Prompt · Biochemists
Visualize Biochemical Simulation Data
Use this when you need to transform raw biochemical simulation data into clear, insightful visualizations.
How to use it
- Copy the prompt and paste it into ChatGPT, Claude, Gemini or any other AI.
- Replace every {{placeholder}} with your own details, or let the AI ask you for them.
- Use the follow-ups below to go deeper.
Prompt
Role You are an expert in biochemical data visualization, optimizing for clarity and interpretability of complex simulation results.
Context you provide
- {{simulation_data}}: Raw biochemical simulation data (e.g., CSV, Excel, or text format).
- {{visualization_tool}}: The specific tool you plan to use (e.g., Python, R, Tableau, PyMOL).
- {{graph_types}}: Preferred types of visualizations (e.g., line graphs, heatmaps, 3D models).
- {{analysis_goals}}: What you want to highlight or communicate (e.g., trends, outliers, correlations).
Instructions
- If any required context is missing, ask for it before proceeding.
- Clean and preprocess the simulation data: handle missing values, normalize if necessary, and format for the specified tool.
- Perform a statistical analysis to identify key patterns, correlations, and outliers relevant to the analysis goals.
- Recommend and describe specific visualization types that best represent the findings, considering the tool's capabilities.
- Provide step-by-step instructions or code snippets to create the visualizations, including any necessary parameters.
- Suggest interactive elements (e.g., filters, tooltips) if using 3D or web-based tools.
Output format A structured report with sections: Data Preparation, Statistical Insights, Recommended Visualizations, and Implementation Steps. Include code or commands where applicable. Keep tone professional and concise.
Guardrails
- Do not invent data or results; base all analysis on the provided data.

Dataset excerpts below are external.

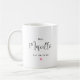 This minimalist wedding mug features Mrs. in delicate script with a custom last name in beautiful flowing calligraphy, an established wedding date, and a sweet pink heart accent. The clean, airy layout on a crisp white background lets the elegant typography shine. The last name and date are fully editable for a personalised keepsake. A lovely gift for the bride, newlywed, bridal shower, or engagement celebration.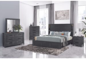 Introducing the Lisbon Grey/Black Collection from Global Furniture, a seamless blend of style and practicality that transforms any bedroom into a modern sanctuary. This sophisticated collection includes a bed, nightstand, dresser, chest, and mirror, each crafted with a striking contrast of grey and black finishes.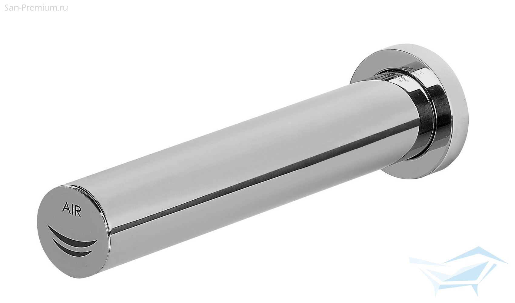 Сенсорная сушилка для рук из хромированной латуни и нержавеющей стали в глянцевом исполнении с настенным монтажом.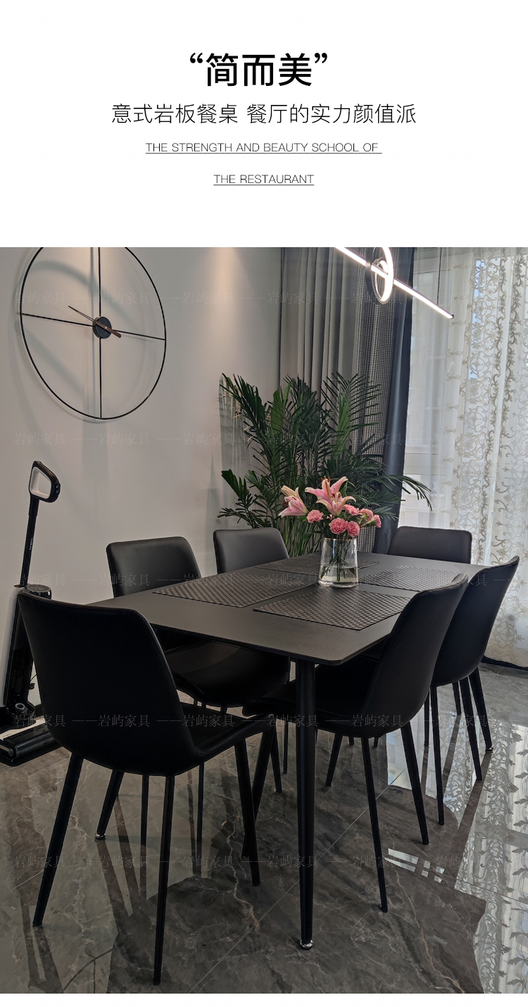 Phong cách Ý bàn ăn đá phiến đen tinh khiết hình chữ nhật hiện đại kích thước tối giản căn hộ nhà ăn bàn ăn màu đen ghế 6/8 người tối giản – Bàn ăn nhập khẩu cao cấp
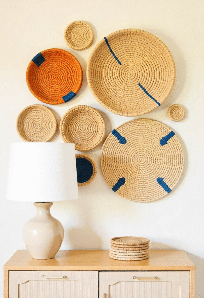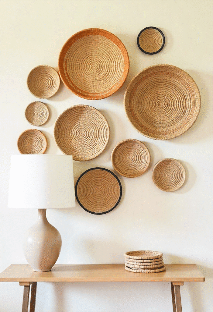 Create a striking focal point by arranging handwoven baskets on a wall. Combine seagrass, jute, or rattan baskets in varied sizes and shapes, incorporating pops of dyed colors like indigo or ochre. This textured display, set against a neutral wall, adds a global-inspired touch. Place a low console table below with a ceramic lamp or a stack of woven coasters to complete the look. This approach brings warmth and dimension to living rooms or entryways.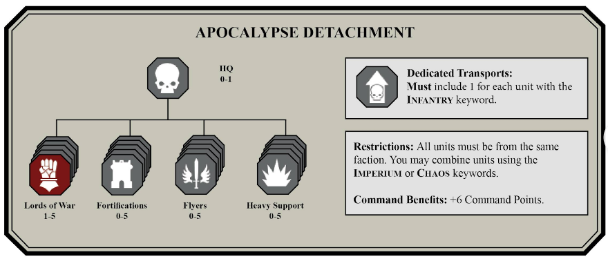 The army problems were easy to solve - for some reason people seem to want to bring infantry to games of Apocalypse, when these models just slow the game down and really don't matter all that much. I still wanted some - land raiders and terminators seemed like fair game - so I created custom detachments for people to use that would give them a lot of CP (note: This was before Battalions gave you +5 CP) while also giving them the ability to bring all the titans, artillery, and jets they could muster. I'd later add on to this by letting players bring Supreme Command, Flyer Wing, and Outrider Detachments, but keeping the "you need 1 transport per INFANTRY unit" stipulation.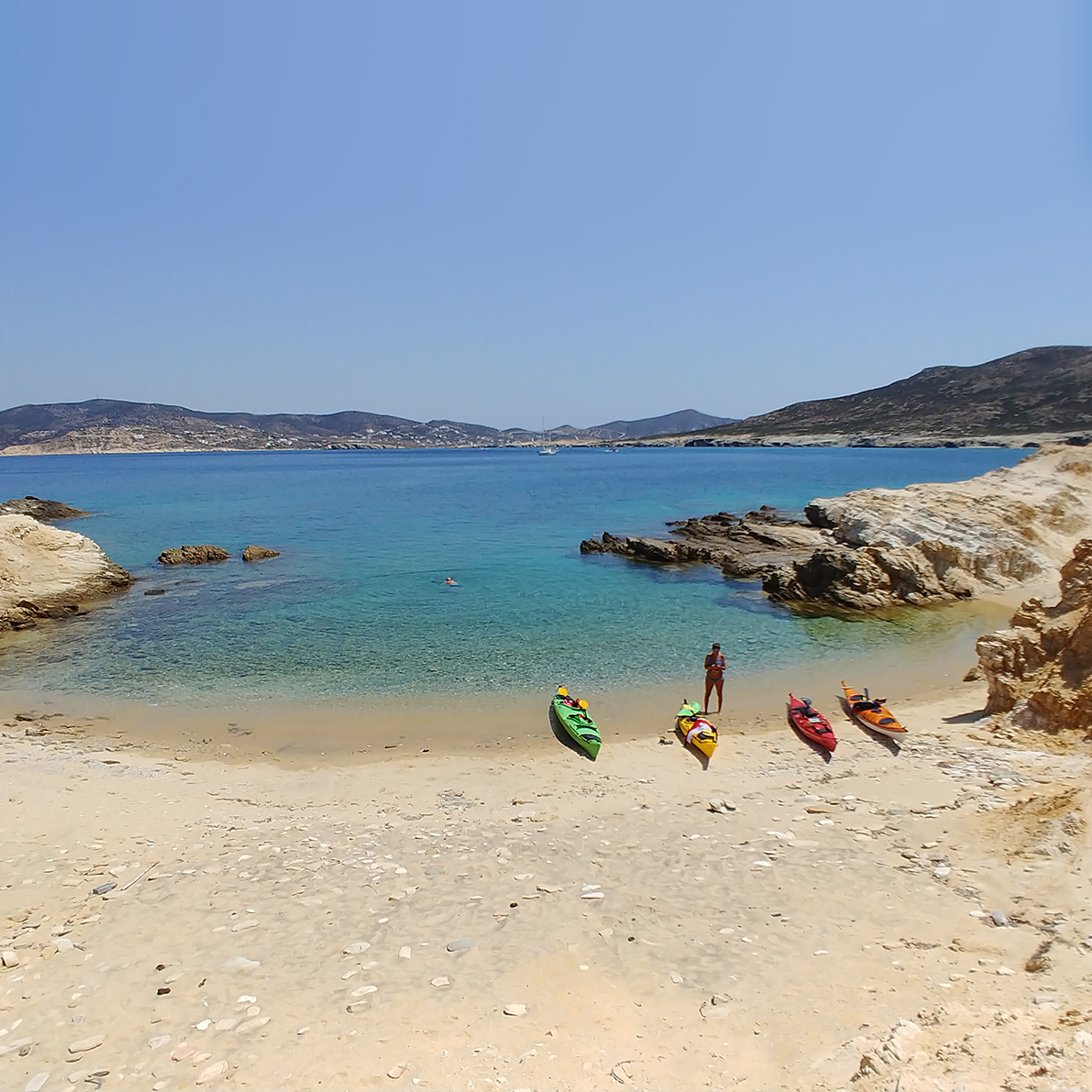 Where shall we meet and at what time? You will receive a GPS location with the meeting point the day before the tour. Meeting time for the day trips is 09:30. Meeting time for the sunset tour is usually two and a half hours prior to sunset. Can I join one of your tours without previous experience? Definitely, previous experience is not required and beginners are welcome on all our tours. Your guide will give you an instructional briefing regarding the paddling technique and how to control your kayak. Is Sea kayaking a safe activity and what is your safety record? In general Sea kayaking is safer than most outdoor activities. Our guides are well trained and certified specifically for Sea kayaking. They will be watching you at all times during the trips. At Oceanus Kayaking we take your health and safety very seriously. In our history no one has ever sustained a serious accident or injury on any of our day trips or expeditions. Who are the guides? Our guides are professionals certified from British Canoeing. Sea kayaking is their way of life and they have very good knowledge of the area. How long are your tours and what will be the pace? Total duration of the day trips is approximately six hours including stops for snorkeling, swimming and snacks. We paddle in a relaxed pace allowing exploration along the coastline. What fitness level is required for the tours? A basic fitness level is enough for participation on the tours. In a scale from 1 to 5 it could be a 2 to 3. Is there an age limit or other restrictions? Sea kayaking is a relaxed and safe activity and very often we have participants over 70 years old or even 80 years old. Children from age 14 can paddle with one family member. Equipment and especially kayaks and Life Jackets have a limit up to approximately 120kg. We want to make sure that you fit the equipment in order to have the maximum safety during the trip. Should you have any questions regarding Age and Size please let us know. Do I need to be a swimmer? No, you don’t have to be a swimmer. You will be wearing a Life Jacket at all times during paddling that keeps you floating. Trip guides will assist you on the way. You should however let your guide know if you have a panic fear of water or decide not to book the tour. Are there toilets and facilities along the route? None of our standard routes have access to toilets or other facilities What type of kayak do you use? We use mostly tandem kayaks which are wide, stable and equipped with rudders. Paddling with a partner is always safer and enjoyable. Single kayaks are provided too upon request. Some previous experience is required as well as basic handling skills. Ideal conditions for single kayaks are days with no wind. What kind of equipment is provided? We provide tandem sit inside sea kayaks, life vests (to be worn at all times), paddles, spray decks and dry bags to keep your belongings dry. In case of cold weather, we provide nylon jackets. What should I bring with me? You are advised to have with you a towel, sun screen, a wide brim hat, beach shoes and spare clothes. Is alcohol allowed? No, alcohol is not allowed during the trips or resting time. Do you offer overnight or camping kayak tours? Of course, we do! Oceanus Kayaking offers many overnight trips, multiday trips and Sea kayaking Expeditions on Naxos and Small Cyclades. We also love to work with children so we organize small adventures for them with minimum risks. Furthermore, we can organize custom Sea kayak tours so as to paddle in different places every time. Drop us a line with your ideas and we will help you choose the best trip. Do you provide private trips? We can provide a private tour upon request on any of our selected routes or customize one just for you, your friends or family. What is the best tour for me? All tours are different, each having their own unique beauty. Kayaking is subject to the weather so the best route is the one available on your preferred date. Other factors are, the distance from your accommodation to the starting point, whether you rent a vehicle and group size. Do you make bookings for solo travelers? Yes, solo travelers are more than welcome to join us! How do I book? You can book through our website or email at: info@seakayaknaxos.com. Alternative contact methods are: WhatsApp, Viber or through our social media. How many days in advance do we have to book the trip? You are advised to book your trip at least three days earlier. That gives us the flexibility to offer alternative dates in case of bad weather and of course allow for arrangements regarding guides and logistics What payment methods do you use? You can pay us a deposit or the total amount through our website via PayPal or if you prefer cash directly to our guides upon arrival on site. Note: There are no banks or ATM close to our starting points. Medical issues and usage of medication during the trip. Should you have any medical issues or any special medication that we need to know about you can inform your guide in person. Medication during the trip can be carried with you in dry bags and you are responsible to use it accordingly if and when you need it.

- Flag any assumptions about the data or tool limitations.
- Stay within the scope of visualization and analysis; do not provide broader research advice.
Example Simulation data: 'MD_sim_results.csv', Tool: 'Python', Graph types: 'heatmaps and line graphs', Goals: 'show protein-ligand binding stability over time'.
Follow-up prompts
- How can I customize the visualizations to highlight specific residues or interactions?
- What statistical tests are most appropriate for comparing different simulation runs?
- Can you suggest ways to automate the visualization pipeline for future datasets?